§ What is being asked
The data below should be restated word for word, with every picture omitted.

§ Task material
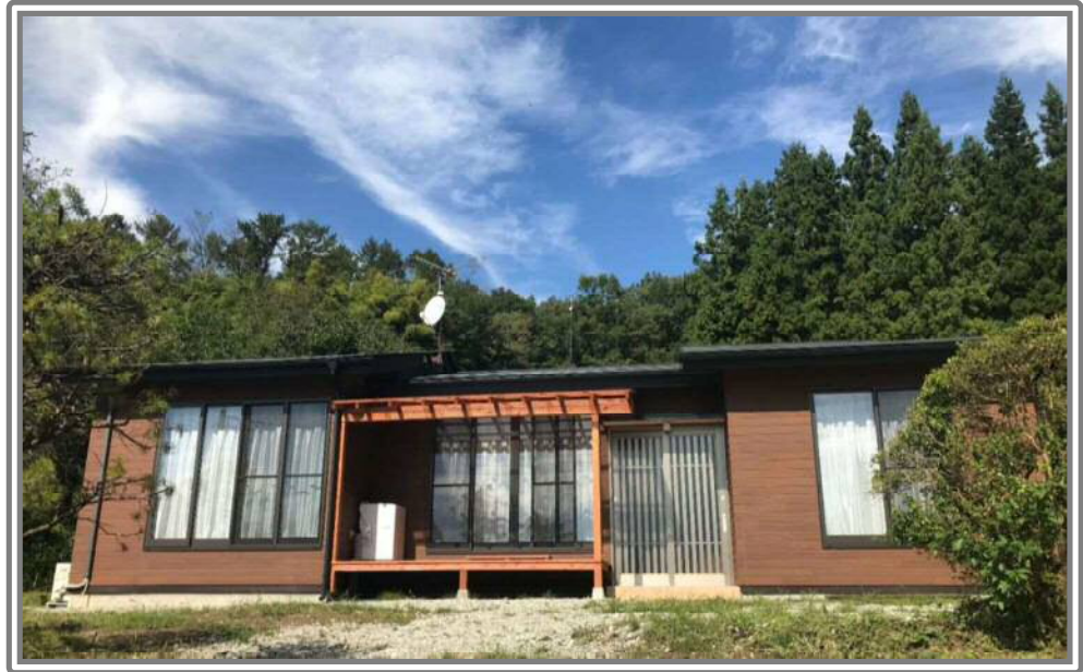
古民家を改修した移住体験住宅

中之条町では、移住希望者が「中之条で暮らす。」体験ができる「移住体験住宅」を用意しています。
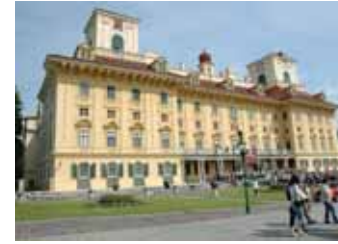
Wr. Neustadt Eisenstadt
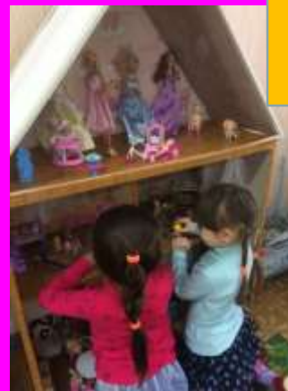
С/р игра «Дизайнеры- Уютный дом»
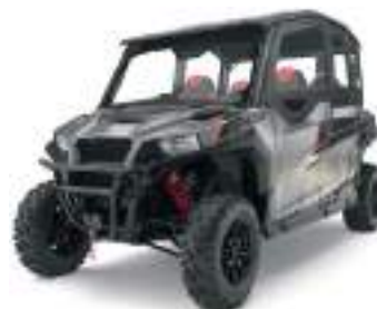
2883453 Complemento Porta Canvas GENERAL
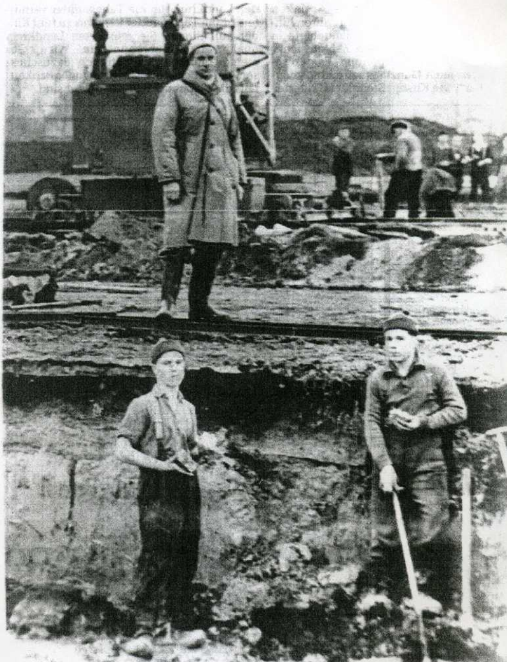
Tausende von Jugendlichen mussten jahrelang im Moor rund um Freistatt schuften. Das Bild von der Frühstückspause entstand vor etwa 40 bis 50 Jahren.
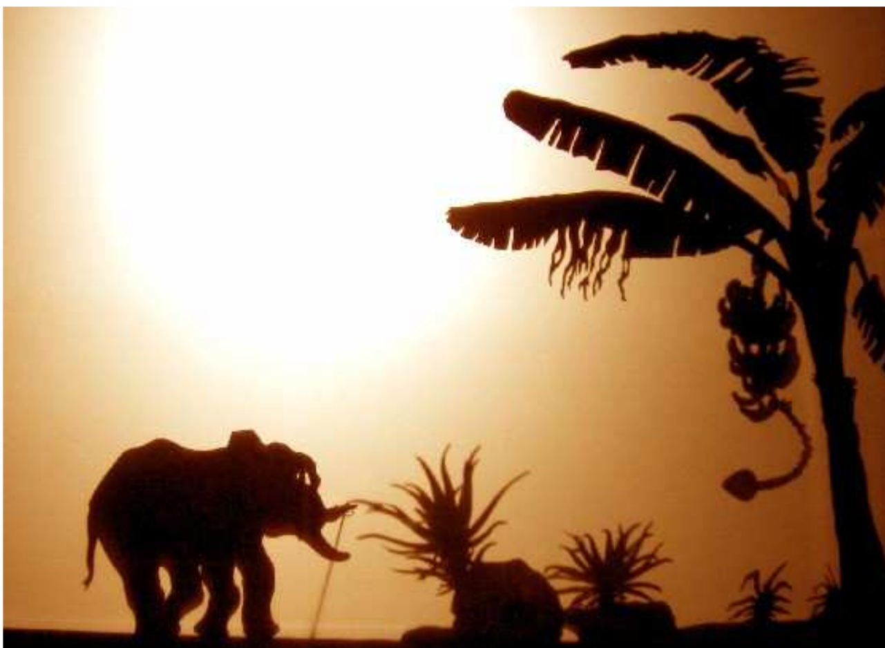
L'Enfant d'Éléphant est plein d'une insatiable curiosité
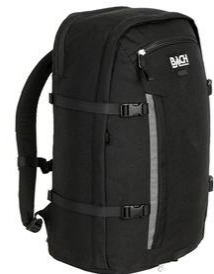
BACH Bike 2B ¥23,000 (税抜)
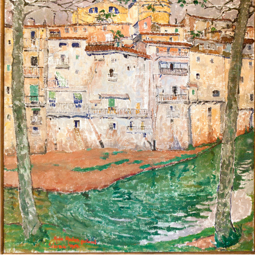
>> L'Onyar a Girona [Vora el riu]. 1914. Oli sobre tela. (Font: MUSEU D'ART DE GIRONA)
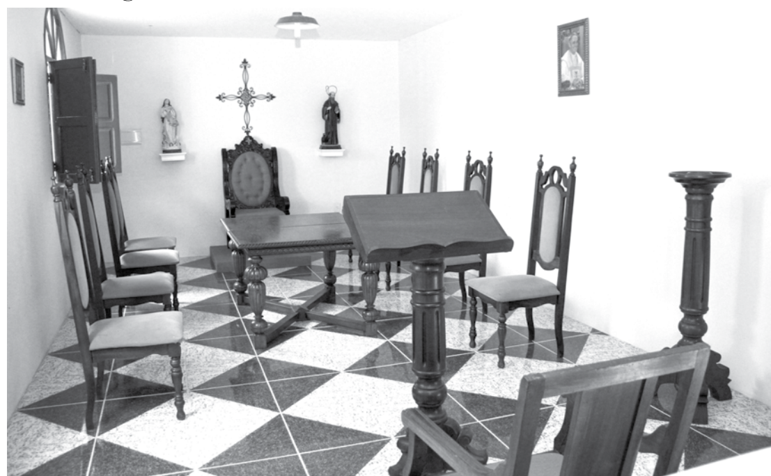
A beleza da arte sacra
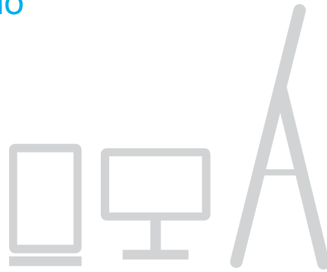
Venta de pantallas
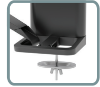
DOORVOER 98-492-009 (MATZWART)
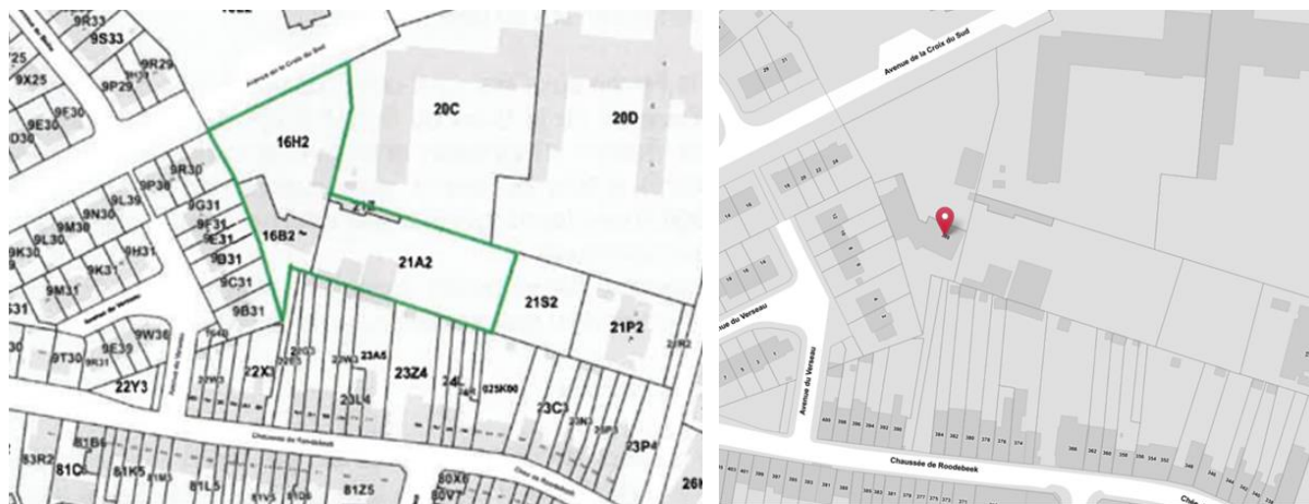
Plan encadré en vert des parcelles composant le site (extr. de la demande) et extr. de Brugis

Compris entre la chaussée de Roodebeek et l'avenue de la Croix du Sud, le site est une ancienne propriété agricole composée d'une maison d'habitation entourée de dépendances liées à l'exploitation (hangars, étables, fournil), de pâtures et d'un verger. L'ensemble, à l'abandon actuellement et devenu propriété d'une société immobilière, s'étend sur environ 60 ares (parcelles 16H2, 16B2, 21A2 et 21Z).

§ Answer below
古民家を改修した移住体験住宅

中之条町では、移住希望者が「中之条で暮らす。」体験ができる「移住体験住宅」を用意しています。
Wr. Neustadt Eisenstadt
С/р игра «Дизайнеры- Уютный дом»
2883453 Complemento Porta Canvas GENERAL
Tausende von Jugendlichen mussten jahrelang im Moor rund um Freistatt schuften. Das Bild von der Frühstückspause entstand vor etwa 40 bis 50 Jahren.
L'Enfant d'Éléphant est plein d'une insatiable curiosité
BACH Bike 2B ¥23,000 (税抜)
>> L'Onyar a Girona [Vora el riu]. 1914. Oli sobre tela. (Font: MUSEU D'ART DE GIRONA)
A beleza da arte sacra
Venta de pantallas
DOORVOER 98-492-009 (MATZWART)
Plan encadré en vert des parcelles composant le site (extr. de la demande) et extr. de Brugis

Compris entre la chaussée de Roodebeek et l'avenue de la Croix du Sud, le site est une ancienne propriété agricole composée d'une maison d'habitation entourée de dépendances liées à l'exploitation (hangars, étables, fournil), de pâtures et d'un verger. L'ensemble, à l'abandon actuellement et devenu propriété d'une société immobilière, s'étend sur environ 60 ares (parcelles 16H2, 16B2, 21A2 et 21Z).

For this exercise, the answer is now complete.